Data to process ::

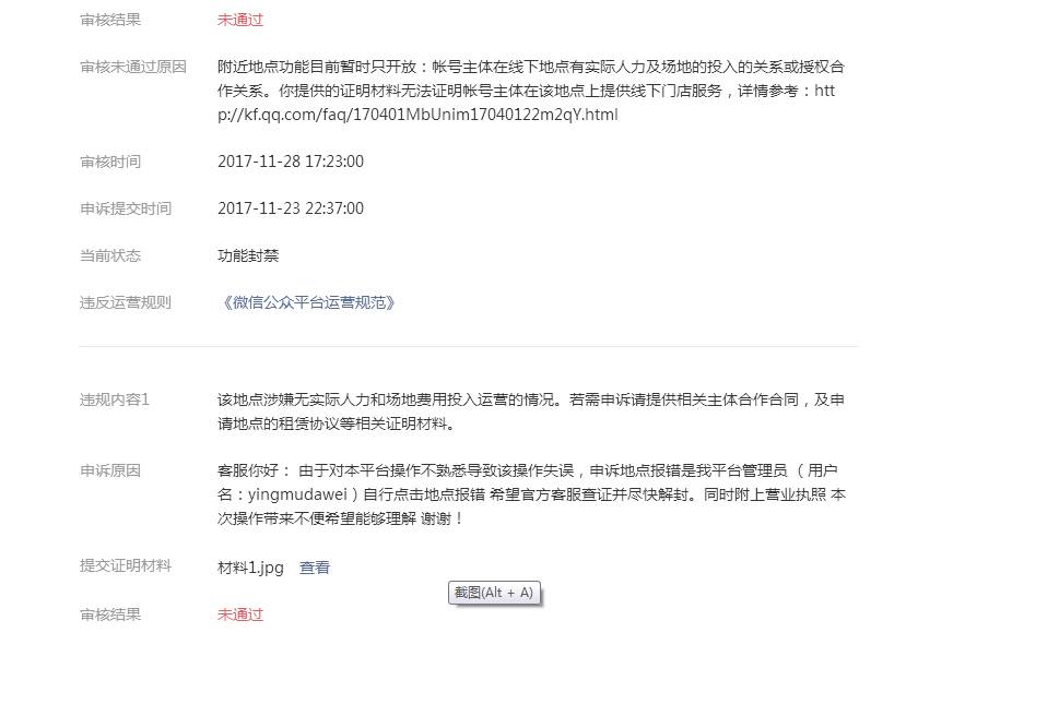 客服你好: 由于对本平台操作不熟悉导致该操作失误,申诉地点报错是我平台管理员 (用户名:yingmudawei)自行点击地点报错 希望官方客服查证并尽快解封。同时附上营业执照 本次操作带来不便希望能够理解 谢谢! 我已经上传营业执照了 怎么还封禁了啊!!从上个月20多号到现在了,希望尽快解决一下 位置也通过了怎么不在附近显示呢!! app ID wxf238325156345417
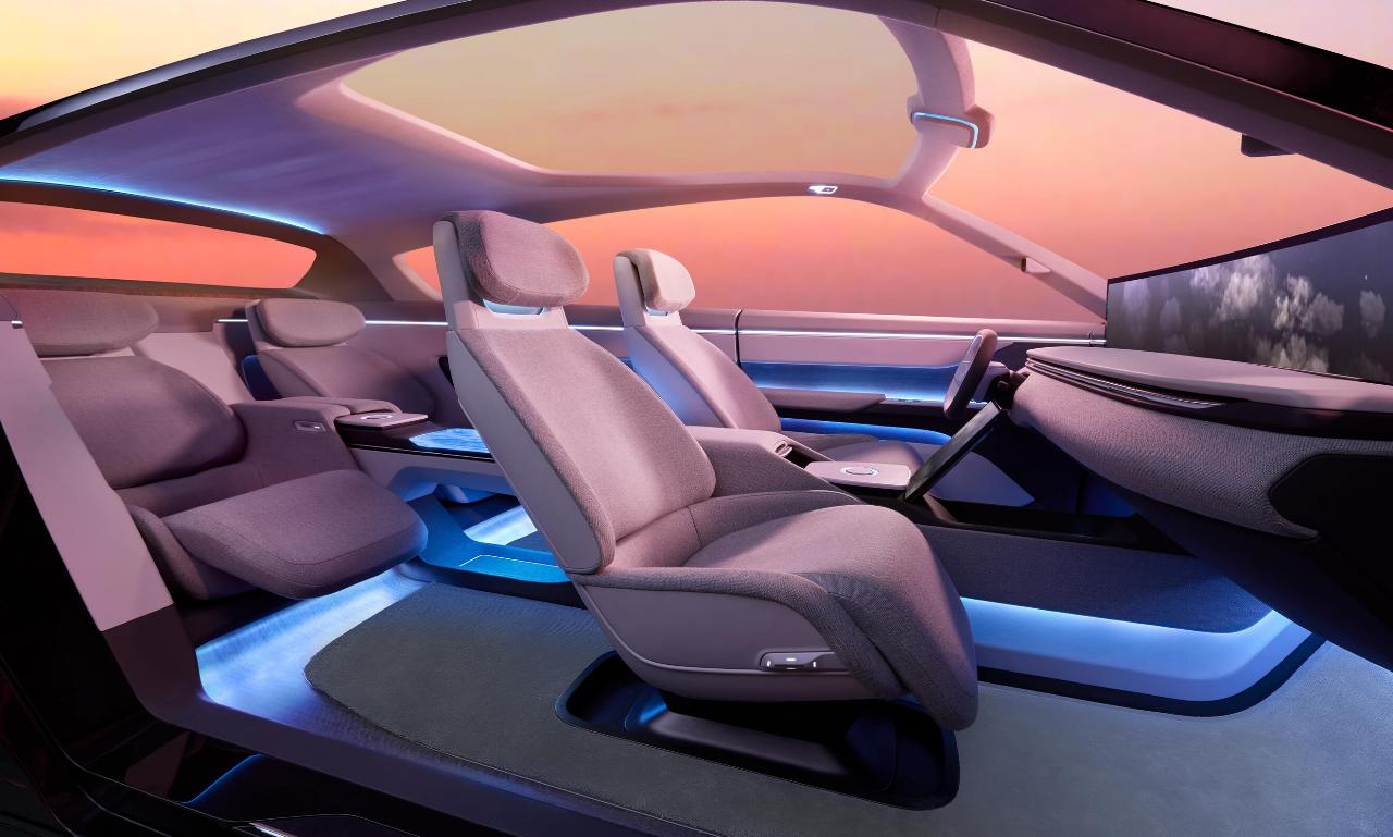 Insgesamt hinterlässt die Studie nun einen sehr luxuriösen Eindruck. Das Wohlfühlambiente lässt sich über den Immersive-Modus aber noch weiter steigern. Ist er aktiviert, neigen sich die Sitzlehnen in eine Relax-Position und massieren einem wirkungsvoll den Rücken. Die üppig dimensionierte LED-Beleuchtung wirkt beruhigend. Zusätzlich lassen sich im Innenraum wohlriechende Düfte verteilen, die den ohnehin schon angenehmen Komfort erhöhen.
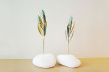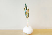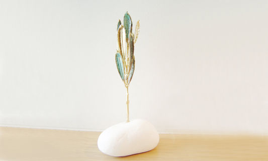 This real olive twig, electroplated sculpture measures 16cm in height and 7cm (6.30'' x 2.76'') at the base of the stone but will slightly vary each time.
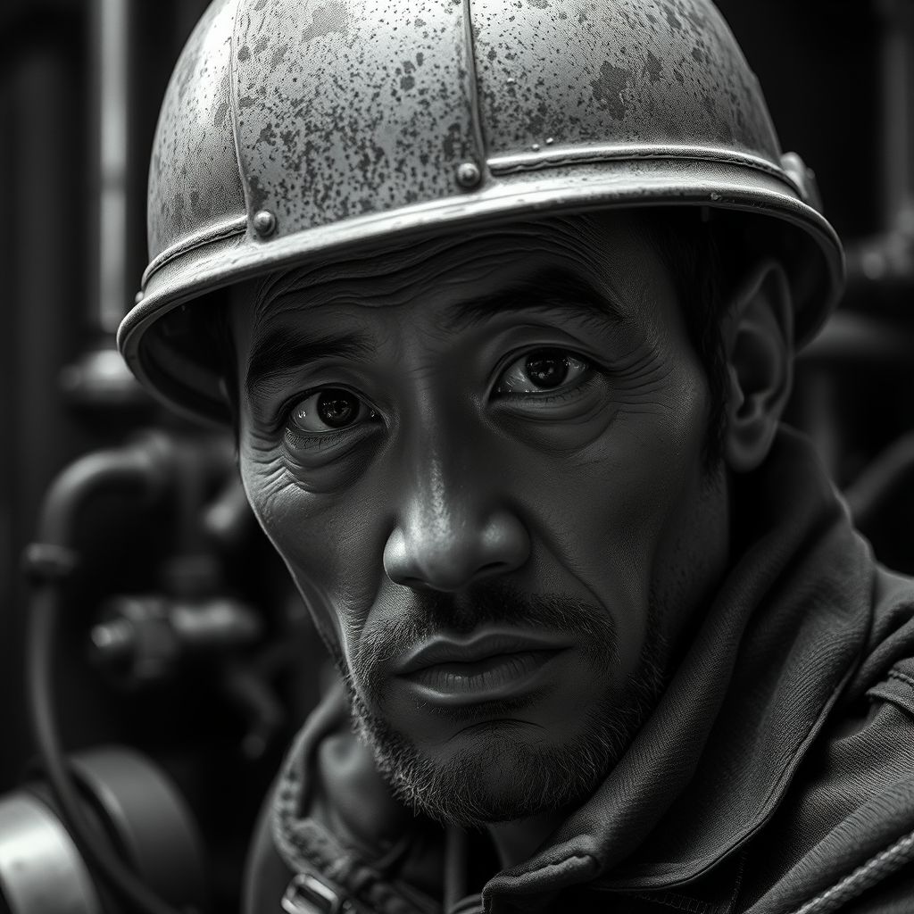 Capture the essence of the most exquisite artwork in the world for a man, set in a breathtaking and realistic industrial mechanic setting. The image should depict a rugged worker in a challenging work environment, captured in an action shot that reveals every detail, from skin pores to intricate iris details, all under dark lighting with heavy shadows. The portrayal should be rich in detail with an emphasis on a well-defined face, inspired by the styles of Artgerm and WLOP Ilya Kuvshinov. Set the scene in black and white, emphasizing Asian features, and focus on creating a high-resolution unity render with sharp focus, smooth illustration, and an octane render feel, reminiscent of concept art found on ArtStation. Avoid any elements that suggest blurriness, boredom, or poor quality, ensuring the artwork remains pristine, uncropped, and free of any distracting artifacts or signatures.
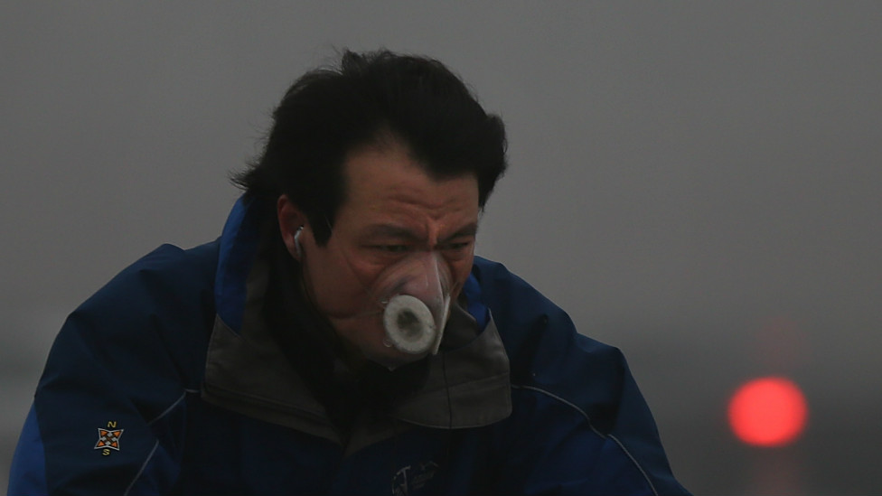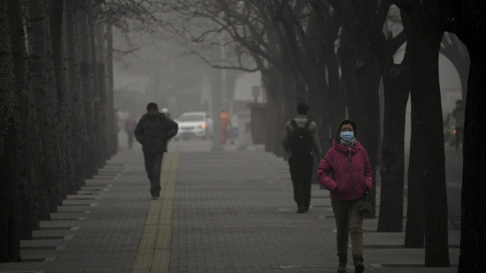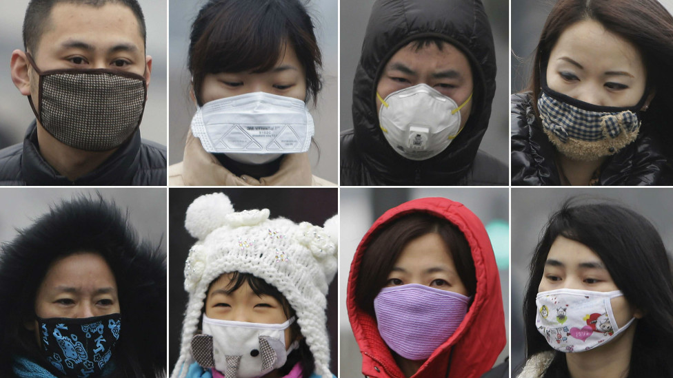 • 北京許多居民出門都要戴口罩,減少吸入污染物。
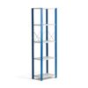 Moduł podstawowy wykonano z blachy stalowej lakierowanej proszkowo. Wykończenie lakierem proszkowym zapewnia trwałość oraz odporność na zarysowania i intensywne użytkowanie w trudnych środowiskach. Półki można zamontować zgodnie z wymaganiami i przestawiać w górę lub w dół w odstępach co 50 mm. Do montażu nie potrzeba narzędzi – wystarczy zahaczyć półki na wybranej wysokości. Maksymalne obciążenie każdej półki wynosi 150 kg przy równomiernym rozmieszczeniu ładunku. Moduł podstawowy dostarczamy ze stężeniem tylnym oraz stężeniami bocznymi dla dodatkowej stabilności. Słupki boczne wyposażone są w stopki, które pozwalają zakotwić regał w podłodze.
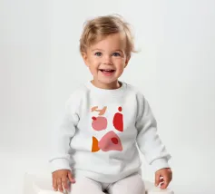 Le nostre felpe per neonati sono realizzate all'85% in cotone biologico ed etico e al 15% in poliestere riciclato.

Task statement :: Respond with the exact lines above running from the one containing "Capture the essence" to the one containing "Moduł podstawowy wykonano", both ends kept and no pictures included.

Written response ::
 Capture the essence of the most exquisite artwork in the world for a man, set in a breathtaking and realistic industrial mechanic setting. The image should depict a rugged worker in a challenging work environment, captured in an action shot that reveals every detail, from skin pores to intricate iris details, all under dark lighting with heavy shadows. The portrayal should be rich in detail with an emphasis on a well-defined face, inspired by the styles of Artgerm and WLOP Ilya Kuvshinov. Set the scene in black and white, emphasizing Asian features, and focus on creating a high-resolution unity render with sharp focus, smooth illustration, and an octane render feel, reminiscent of concept art found on ArtStation. Avoid any elements that suggest blurriness, boredom, or poor quality, ensuring the artwork remains pristine, uncropped, and free of any distracting artifacts or signatures.
 • 北京許多居民出門都要戴口罩,減少吸入污染物。
 Moduł podstawowy wykonano z blachy stalowej lakierowanej proszkowo. Wykończenie lakierem proszkowym zapewnia trwałość oraz odporność na zarysowania i intensywne użytkowanie w trudnych środowiskach. Półki można zamontować zgodnie z wymaganiami i przestawiać w górę lub w dół w odstępach co 50 mm. Do montażu nie potrzeba narzędzi – wystarczy zahaczyć półki na wybranej wysokości. Maksymalne obciążenie każdej półki wynosi 150 kg przy równomiernym rozmieszczeniu ładunku. Moduł podstawowy dostarczamy ze stężeniem tylnym oraz stężeniami bocznymi dla dodatkowej stabilności. Słupki boczne wyposażone są w stopki, które pozwalają zakotwić regał w podłodze.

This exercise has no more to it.